Endocrine Abstracts (2008) 16 OC4.6

Isolation and characterization of cells coexpressing endothelial progenitors and parathyroid specific genes from human adult normal and tumoral parathyroids

Sabrina Corbetta1, Marzia Belicchi2, Federica Pisati2, Mirella Meregalli2, Cristina Eller-Vainicher3, Leonardo Vicentini4, Paolo Beck-Peccoz3 & Anna Spada3


1Endocrinology and Diabetology Unit, Department of Medical-Surgical Sciences, University of Milan, Policlinico S.Donato IRCCS, S.Donato M.se, Milan, Italy; 2Stem Cell Laboratory, Department of Neurological Sciences, Fondazione IRCCS Ospedale Maggiore, Regina Elena e Mangiagalli, Centro Dino Ferrari, University of Milan, Milan, Italy; 3Endocrine Unit, Department of Medical Sciences, University of Milan, Fondazione IRCCS Ospedale Maggiore, Regina Elena e Mangiagalli, Milan, Italy; 4Endocrine Surgery, Fondazione IRCCS Ospedale Maggiore, Regina Elena e Mangiagalli, Milan, Italy.
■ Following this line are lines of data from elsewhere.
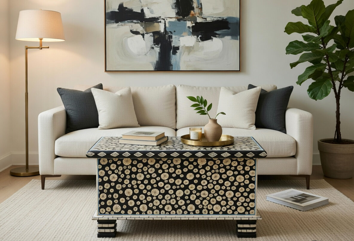 Dual-Purpose Proportions: Ideally sized to serve as a high-impact coffee table, entryway accent, or end-of-bed storage chest.
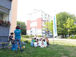 Unter dem Motto "Insektenbeobachtung im PikoPark" in Dortmund-Westerfilde, zwischen Kiepeweg und Zum Luftschacht, gab es am 20. Juli 2022 eine Kinderaktion im dortigen Vonovia-Wohnquartier. Bei insektenfreundlichem Wetter (es war ganz schön heiß) begeisterten sich bis zu 10 Kinder gleichzeitig und insgesamt 15-20 Kinder für die Stationen "Beobachten", "Informieren" und "Malen". Zum Schluss wurden noch eifrig für den Balkon Wildbienenhotels aus einem Lehm-Sand-Gemisch und Konservendosen gebaut.
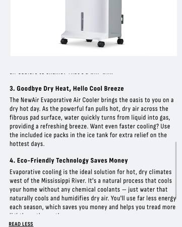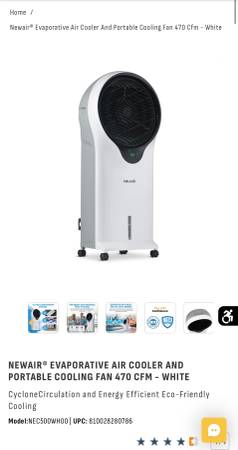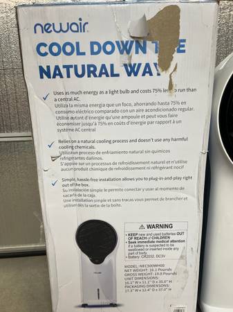 New: NEWAIR® EVAPORATIVE AIR COOLER AND PORTABLE COOLING FAN Your welcome to test before you purchase
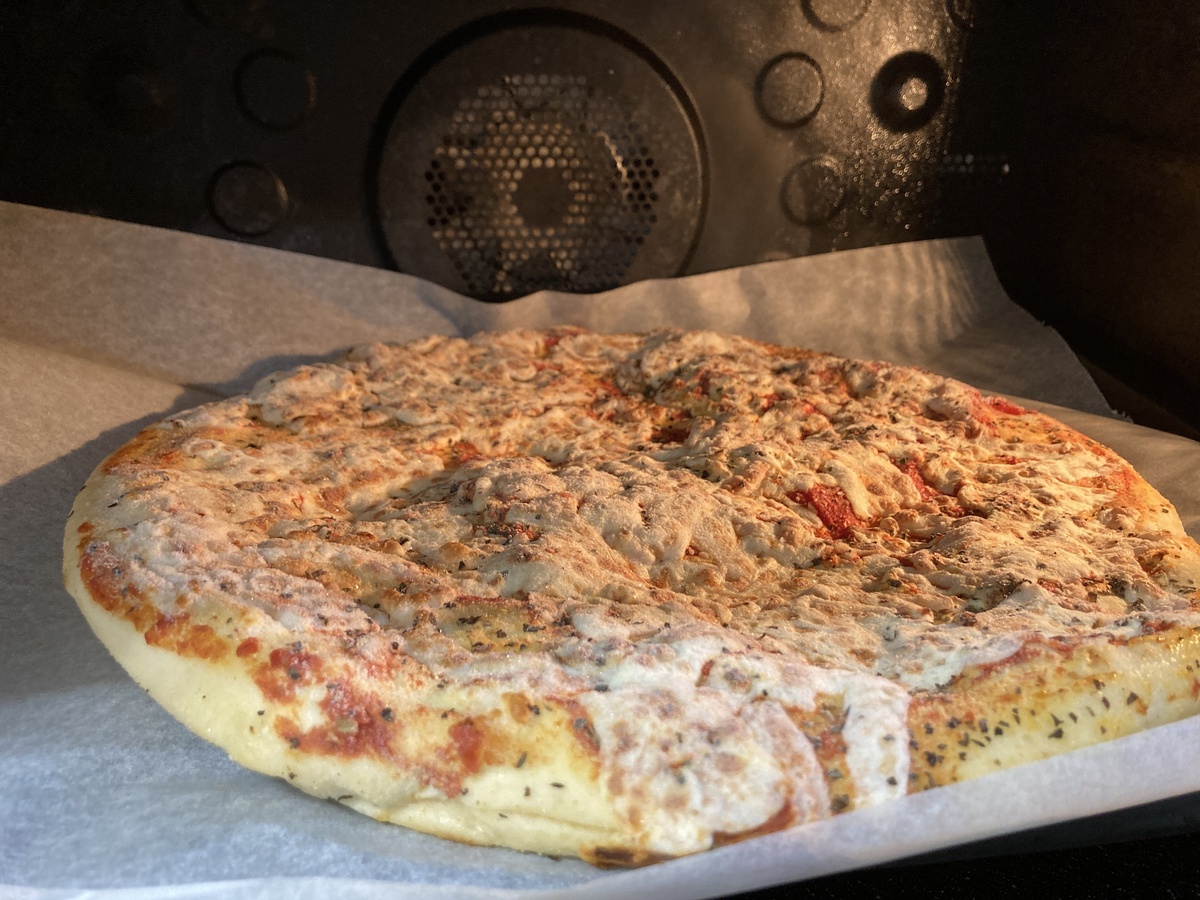 オーブンレンジのピザモードで焼いてみましたが、もともと焼き目が付いているため、加熱しすぎには注意が必要です。(我が家は焼き過ぎました。)

A peculiar characteristic of parathyroid tissue is the ability to spontaneously induce angiogenesis, to proliferate and to secrete PTH when autotransplanted in patients undergoing total parathyroidectomy. Since stem/progenitor cells have been involved in the process of tissue regeneration, we searched for putative parathyroid progenitors from human normal and tumoral parathyroids. By immunohistochemistry, FACS analysis and cell culture we identified parathyroid cells positive for the haematopoietic/endothelial marker CD34 which expressed surface antigens typical of endothelial progenitors, such as CD146 and CXCR4, but not the haematopoietic and mesenchymal markers, such as CD45, Thy-1/CD90, CD105 and CD117/c-kit. These cells were more abundant in tumoral than in normal parathyroids (4.4±1.2 and 2.2±0.9% respectively; P=0.05), without any difference in their immunophenotype except for the expression of nestin, a neural stem cell specific marker, which was almost exclusively restricted to the tumor-derived CD34+ population. Purified CD34+ cells, but not CD34 cells, proliferated, although at a low rate, and differentiated into mature endothelial cells. Finally, parathyroid specific markers, such as glial cell missing B, PTH and calcium sensing receptor, were detected at mRNA and/or protein level in a subset of CD34+ cells. In conclusion, we identified cells which expressed both endothelial and parathyroid specific markers in human adult normal and tumoral parathyroids, providing a candidate for the putative parathyroid progenitors. Further studies are need to demonstrate the potential differentiation in multiple lineages and the self-renewal ability of these cells.